__Listed entries__.
════════════════════

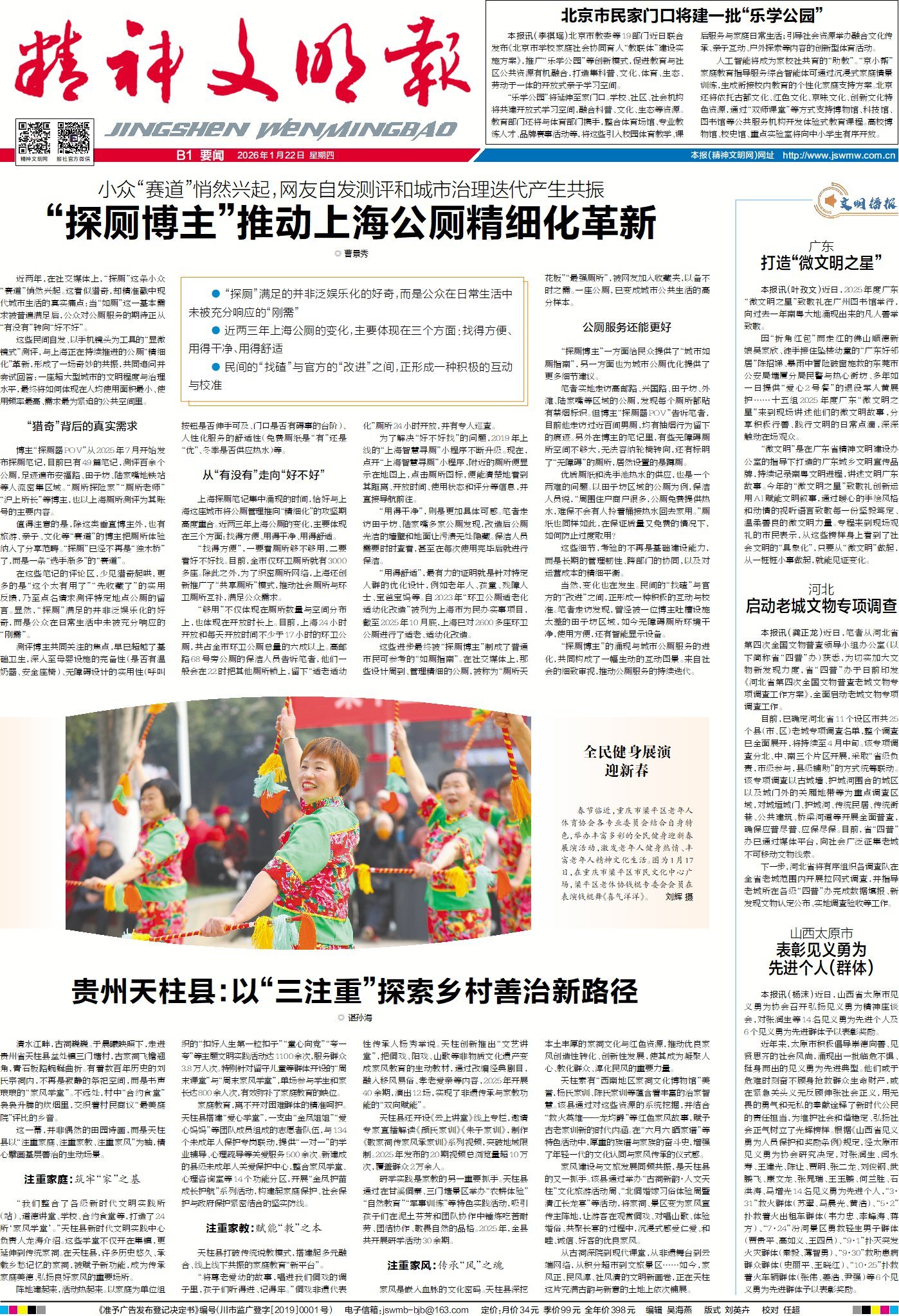 今日版面“早”知道:A1版头条报道“保护文化遗产·我们在行动”宣传活动,保护文化遗产,人人都是守护者;《城市文明我来建》栏目走进重庆市渝中区,看“文明有范儿”示范治理空间如何接地气、聚人心、可持续;《热点观察》栏目关注新品种月季取名“娇龙”,以花之名致敬好干部。A2版围绕如何让文化遗产真正“活起来、传下去”,看学者、志愿者、传承人齐聚一堂,共探传承发展的路径和方法。A4版“深读”关注文化遗产保护从专业机构“独奏”转向社会力量“交响”,开启全民参与的文化传承实践。B1版聚焦“探厕”“赛道”,看探厕博主如何推动上海公厕精细化革新。B2版“互鉴”聚焦多国探索未成年人社交管控,强化特定群体网络保护,推动构建更完善的数字环境。B3版“人物”走近四川宜宾邮政员工马永强,看他如何用28年光阴完成从普通邮递员到全国高技能人才的蜕变。B4版《文明棱镜》栏目,关注贾国龙与罗永浩的预制菜争议,针对名人如何规范自身行为、企业如何有效危机公关进行剖析。
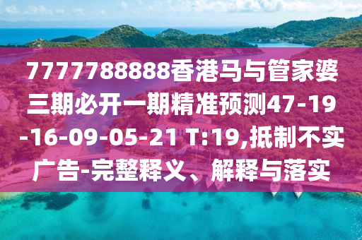 7777788888香港馬與管家婆三期必開一期精準預測47-19-16-09-05-21 T:19”的完整釋義、解釋與落實,以及抵制不實廣告的探討
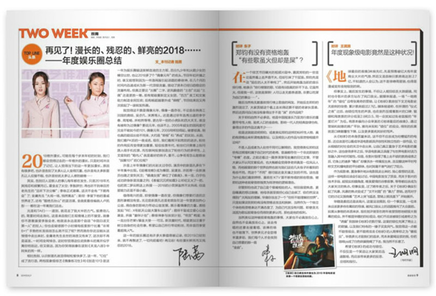 《南都娛樂周刊》創(chuàng)辦于2006年,半月刊,單期70頁,《南都娛樂周刊》,中國富原創(chuàng)精神和人文情懷的高端娛樂雜志,中國具娛樂精神的原創(chuàng)新聞周刊,中國具影響力的娛樂新聞周刊,是都市高端人群張揚(yáng)個性、舒緩壓力、獲取智慧的心靈讀物。
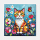 Cat themed magnet. A cute orange cat sitting in flowers and surrounded by butterflies. The art is in an impasto oil paper quilling style.
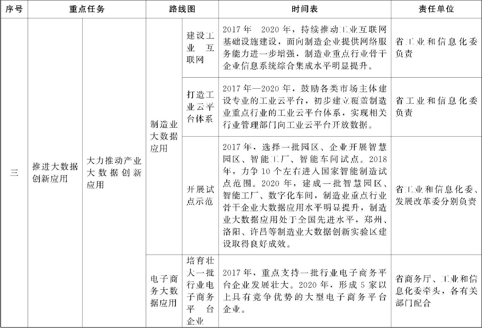 把交通物流、农业粮食作为主攻方向和突破口,在政务、益民服务、产业等领域开展大数据创新应用试点示范,推进大数据与各行业深度融合。
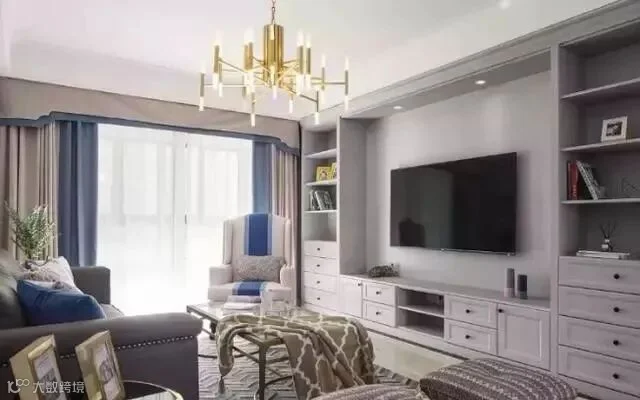 2.别再做花哨不实用的电视背景墙了,直接选用到顶的电视柜来为新家增添更多收纳空间吧。
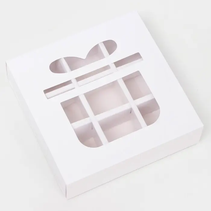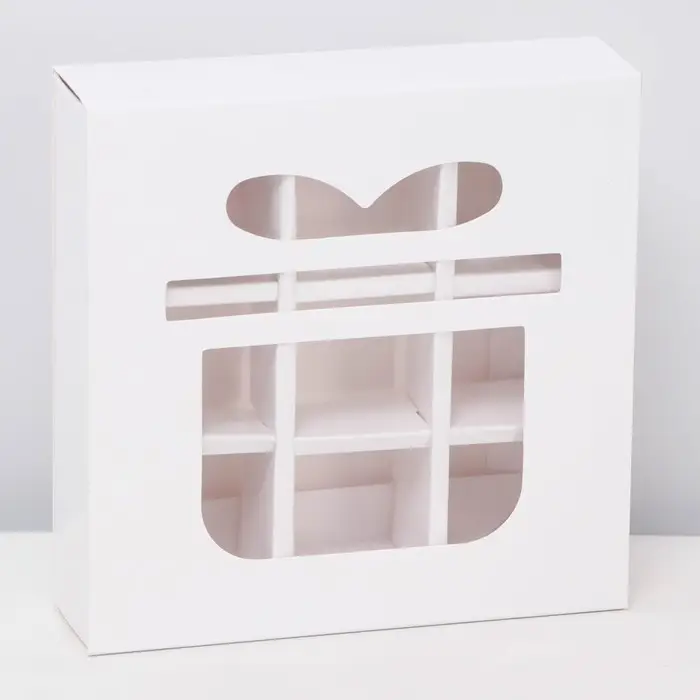 Коробка под 9 конфет вырубка "Подарок" имеет размеры 13,7 см в длину, 13,7 см в ширину и 3,8 см в высоту. Она выполнена из белого картона высокого качества, что обеспечивает прочность и долговечность.
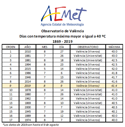 La temperatura alcanzada hoy es la novena más alta en la ciudad de la serie histórica desde que se tienen datos. El 26 de agosto de 2014 se llegó a los 41.6 grados y, quizá el dato más curioso, en 2015 se marcó el quinto registro más elevado de la historia en València, 42 grados. Lo llamativo es que, a diferencia de todos los demás registros de más de 40 grados, este tuvo lugar en el mes de mayo y no en julio o agosto.
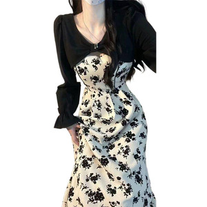 2025年新款春季欲风甜辣高级感碎花连衣裙子女内搭长裙套装秋冬
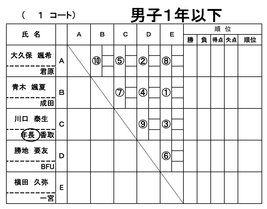 男子1年生以下
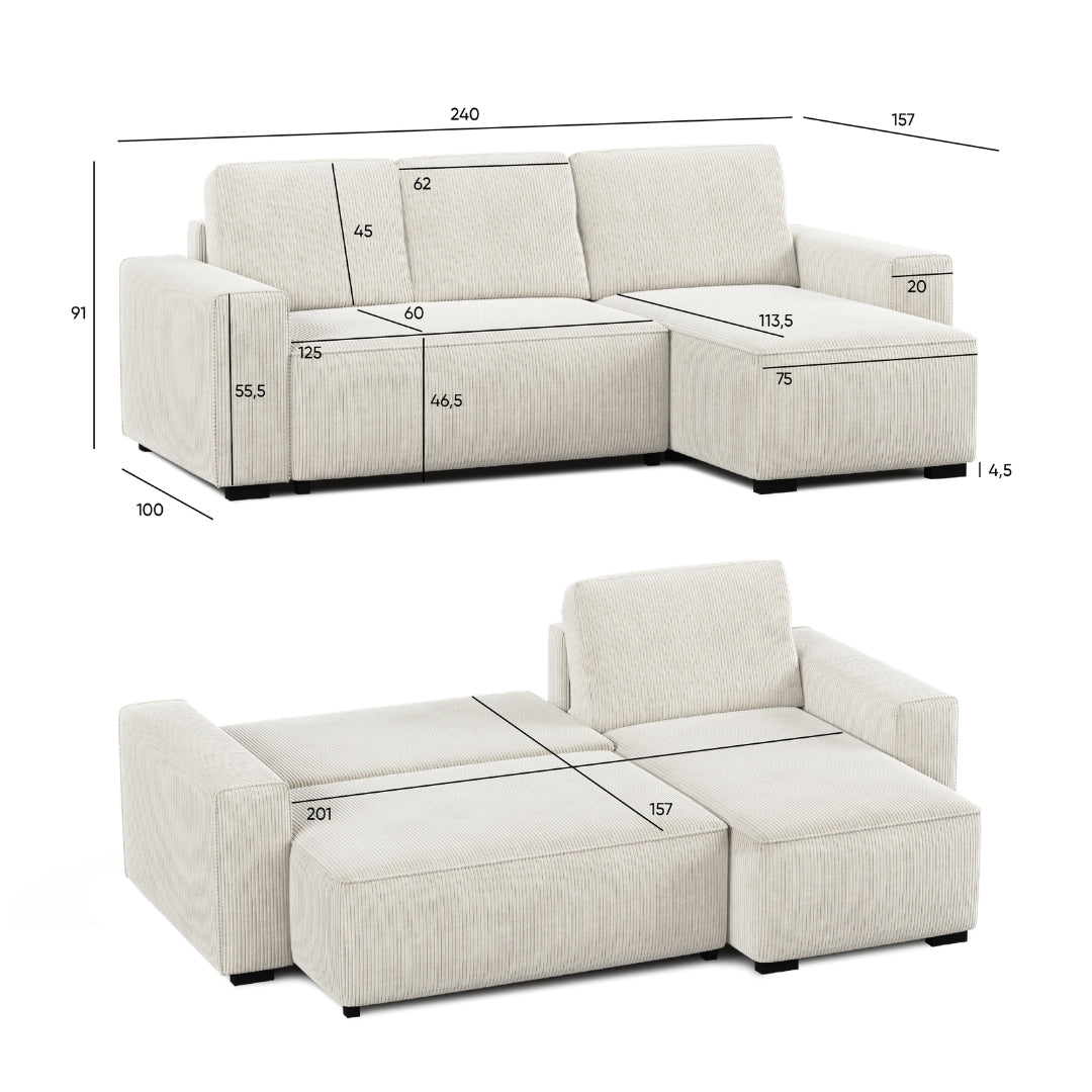 Sofá-Cama 4 Lugares com Chaise Longue Reversível - Jade
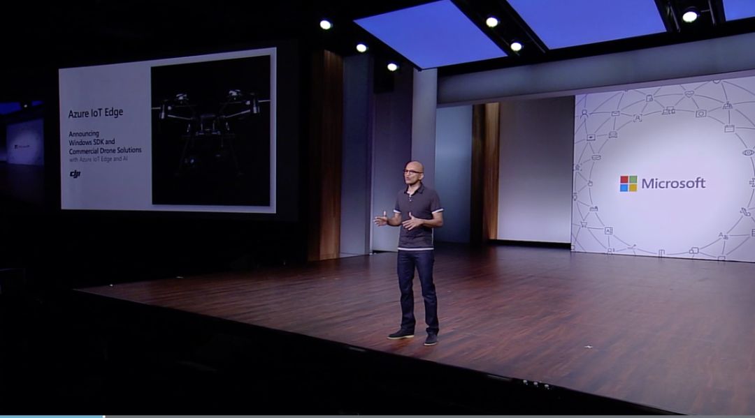 当地时间5月7日,在微软年度Build大会上,微软首席执行官萨提亚·纳德拉宣布了与大疆创新的战略合作,共同推动人工智能、机器学习技术与无人机的结合,让企业用户应用无人机与智能边缘云计算重塑生产力。
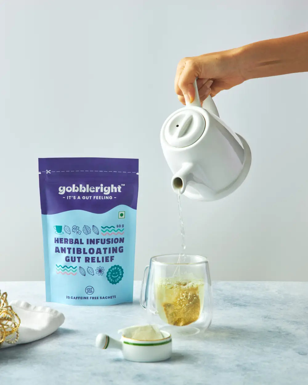 Add a sachet of Antibloating gut tea to the cup

════════════════════

__What the exercise asks__.
All of the records must come back exactly as they stand, minus every picture.

__Output for this task__.
 今日版面“早”知道:A1版头条报道“保护文化遗产·我们在行动”宣传活动,保护文化遗产,人人都是守护者;《城市文明我来建》栏目走进重庆市渝中区,看“文明有范儿”示范治理空间如何接地气、聚人心、可持续;《热点观察》栏目关注新品种月季取名“娇龙”,以花之名致敬好干部。A2版围绕如何让文化遗产真正“活起来、传下去”,看学者、志愿者、传承人齐聚一堂,共探传承发展的路径和方法。A4版“深读”关注文化遗产保护从专业机构“独奏”转向社会力量“交响”,开启全民参与的文化传承实践。B1版聚焦“探厕”“赛道”,看探厕博主如何推动上海公厕精细化革新。B2版“互鉴”聚焦多国探索未成年人社交管控,强化特定群体网络保护,推动构建更完善的数字环境。B3版“人物”走近四川宜宾邮政员工马永强,看他如何用28年光阴完成从普通邮递员到全国高技能人才的蜕变。B4版《文明棱镜》栏目,关注贾国龙与罗永浩的预制菜争议,针对名人如何规范自身行为、企业如何有效危机公关进行剖析。
 7777788888香港馬與管家婆三期必開一期精準預測47-19-16-09-05-21 T:19”的完整釋義、解釋與落實,以及抵制不實廣告的探討
 《南都娛樂周刊》創(chuàng)辦于2006年,半月刊,單期70頁,《南都娛樂周刊》,中國富原創(chuàng)精神和人文情懷的高端娛樂雜志,中國具娛樂精神的原創(chuàng)新聞周刊,中國具影響力的娛樂新聞周刊,是都市高端人群張揚(yáng)個性、舒緩壓力、獲取智慧的心靈讀物。
 Cat themed magnet. A cute orange cat sitting in flowers and surrounded by butterflies. The art is in an impasto oil paper quilling style.
 把交通物流、农业粮食作为主攻方向和突破口,在政务、益民服务、产业等领域开展大数据创新应用试点示范,推进大数据与各行业深度融合。
 2.别再做花哨不实用的电视背景墙了,直接选用到顶的电视柜来为新家增添更多收纳空间吧。
 Коробка под 9 конфет вырубка "Подарок" имеет размеры 13,7 см в длину, 13,7 см в ширину и 3,8 см в высоту. Она выполнена из белого картона высокого качества, что обеспечивает прочность и долговечность.
 La temperatura alcanzada hoy es la novena más alta en la ciudad de la serie histórica desde que se tienen datos. El 26 de agosto de 2014 se llegó a los 41.6 grados y, quizá el dato más curioso, en 2015 se marcó el quinto registro más elevado de la historia en València, 42 grados. Lo llamativo es que, a diferencia de todos los demás registros de más de 40 grados, este tuvo lugar en el mes de mayo y no en julio o agosto.
 2025年新款春季欲风甜辣高级感碎花连衣裙子女内搭长裙套装秋冬
 男子1年生以下
 Sofá-Cama 4 Lugares com Chaise Longue Reversível - Jade
 当地时间5月7日,在微软年度Build大会上,微软首席执行官萨提亚·纳德拉宣布了与大疆创新的战略合作,共同推动人工智能、机器学习技术与无人机的结合,让企业用户应用无人机与智能边缘云计算重塑生产力。
 Add a sachet of Antibloating gut tea to the cup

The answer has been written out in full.